The final speaker in this ECREA 2010 session is Sabine Baumann, whose interest is in online grassroots campaigning especially in the past US presidential election. There, of course, to win a candidate not only needs votes, but campaign funding in the first place, and the Obama campaign was exceptionally successful in attracting campaign contributions (collecting twice as much money as John McCain, mainly from small donations under US$200).

Spending figures are also interesting in this regard – McCain spent some US$4.6m on Internet campaigning, Obama spent a whopping US$24m. The Obama campaign Website also prominently displayed its donation and online merchandise functionality, of course; the online store was hugely successful, in fact (offering campaign clothing and art from notable designers and artists).

How News Media Influence Political Participation

Hamburg.
The next speaker at ECREA 2010 is Adam Shehata, whose interest is in the extent to which the news media influence gaps in political participation between socioeconomic groups, and how this can be analysed from a cross-national comparative perspective. The study examines nine European countries, and builds on an institutional framework that examines the joint impact of institutional mechanisms on participation.

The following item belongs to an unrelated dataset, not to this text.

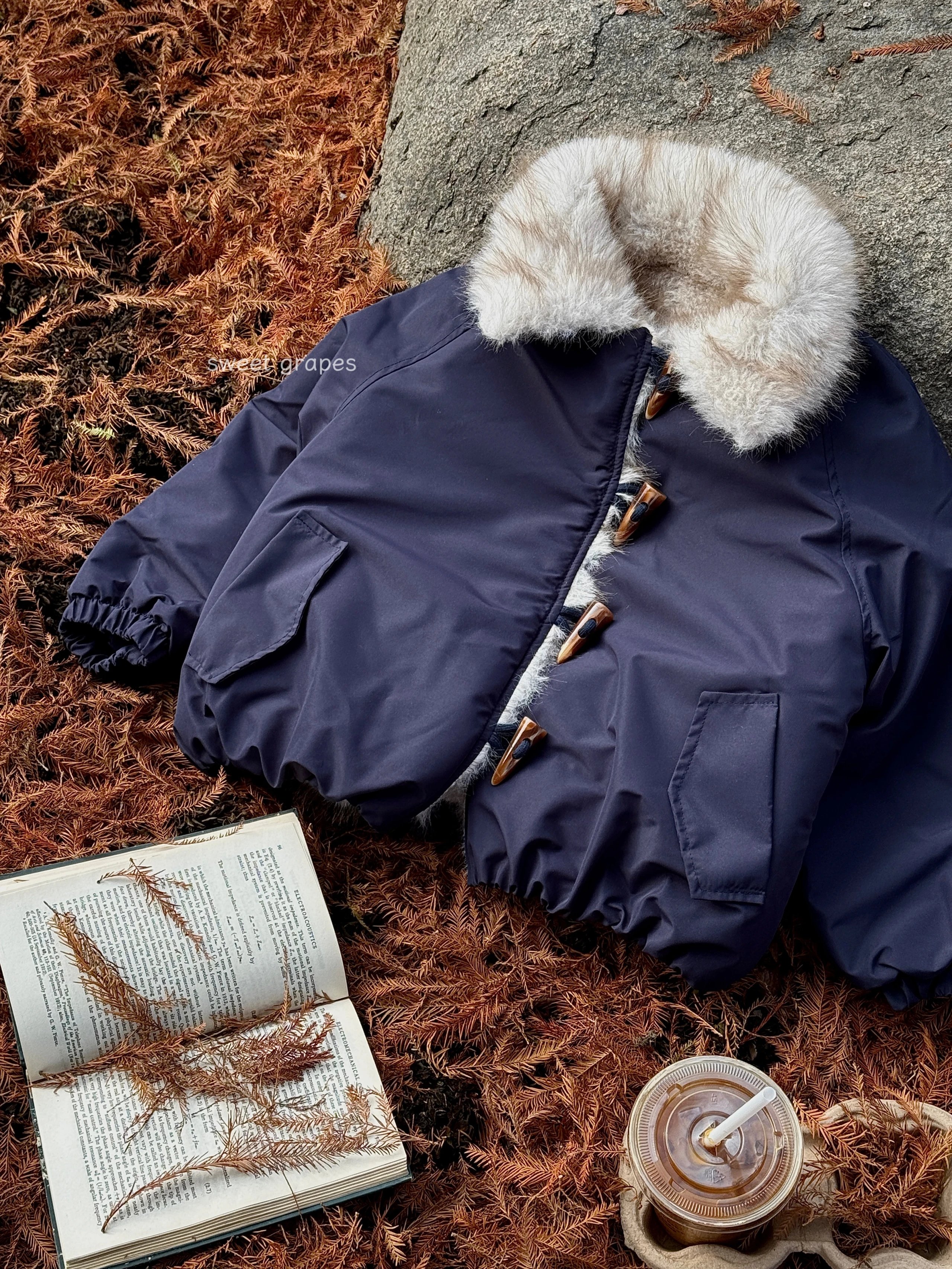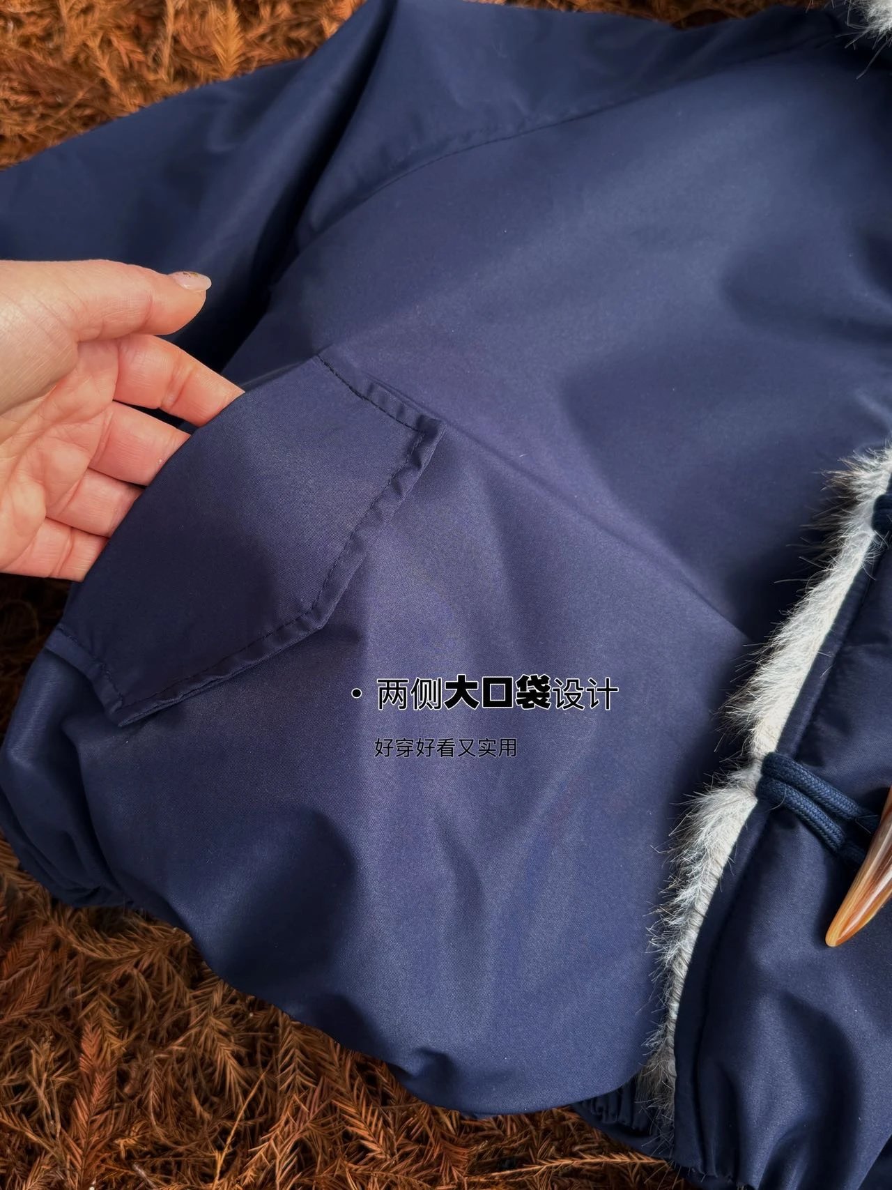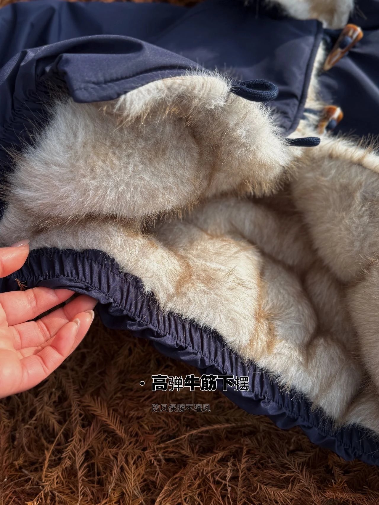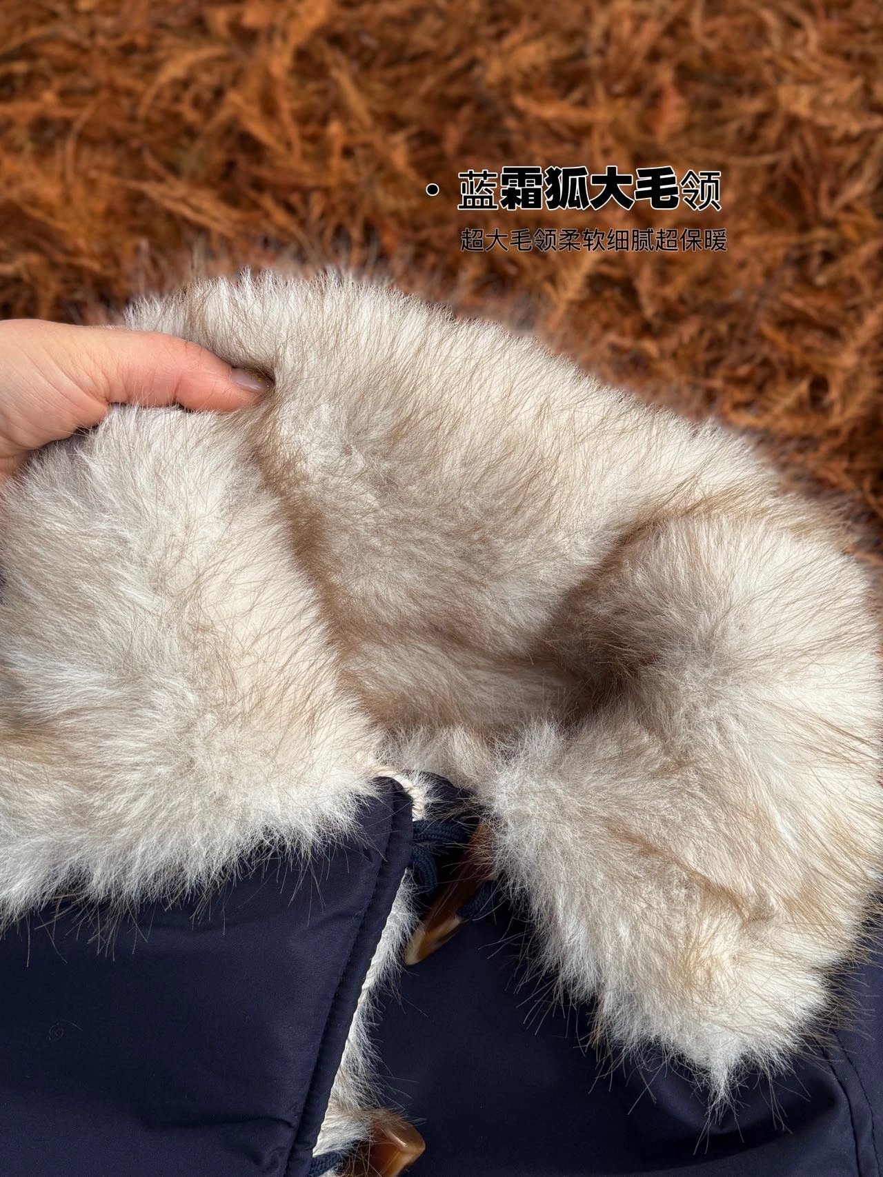 ✔️藏青色三防面料+仿真狐狸毛,蓝霜狐质感超赞,上身自带高级滤镜,oversize轮廓藏肉,气场全开!
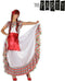 Het kostuum bestaat uit een lange, zeer wijde rok, een bovenstuk en een opvallende rode schort. De versieringen met een paars, rood, oranje en groen gestreepte bies geven het geheel een authentieke uitstraling. Dankzij de one size pasvorm is het kostuum geschikt voor verschillende lichaamstypes, waardoor je je vrij kunt bewegen en genieten van het feest.

There are two dimensions of influence here: institutional strength (the effects of news consumption on political participation, which is a necessary condition for influencing gaps), and the distinctiveness of the population base of the media (the socioeconomic characteristics of news consumers). The hypothesis here is that news media use has a positive effect on political participation, and that news media institutions with a low-education bias (targetting less educated audiences) will narrow gaps in participation between socioeconomic groups, while those with a high-education bias will widen such gaps. Further, news media use is likely to narrow gaps in voting participation than other, less widespread forms of political participation. These hypotheses were tested using European Social Survey data.

Online Political Participation in Italy

Hamburg.
The next speakers at ECREA 2010 is Emiliana de Blasio, whose focus is on Italian politics in the age of Web 2.0. Key themes here are access, interaction, and participation. Participation here means both participation in content production (co-deciding on content), in content producing organisations (co-deciding on production), and in technology producing organisations (co-deciding on technology).

Advantages of these shifts are greater interactivity, connectedness, participatory deliberation; disadvantages include a loss of control, and other negatives. The present research examined the information, fundraising, involvement, and mobilisation functions of Italian political Websites, to determine the interrelationships between social networking and political participation. This was done through questionnaires, interviews, focus groups, and participant observation.

Political Engagement in Local Swedish Referenda

Hamburg.
The next session at ECREA 2010 starts with Elisabeth Stúr, whose interest is in the mediated debates in the lead-up to a referendum in a small community in Sweden about the extension of a hydroelectric power scheme. In this case, public opinion was communicated both through old and new media, as well as through public meetings, raising the question to what extent political debates moved to new media platforms.

Markers of Cultural Citizenship in Austria

Hamburg.
We move on to Elisabeth Klaus and Ricarda Drüeke as the next speakers at ECREA 2010; their focus is on media coverage of Austrian migration policy. This is a question of cultural citizenship, concerning cultural belonging and identity formation, and conducted through cultural and media participation. Cultural citizenship entails all those cultural practices that allow or prevent cultural participation.

Media present spaces of identity that offer certain positions to people according to their markers of identity. So, the question arises which identities are presented in the media. In the context of Austrian migration policy, citizenship is based on the citizenship of one’s parents as well as a number of other social and cultural conditions (examined in a citizenship test), but can also be granted to persons with extraordinary achievements in science, economy, arts, or sports without other conditions being met.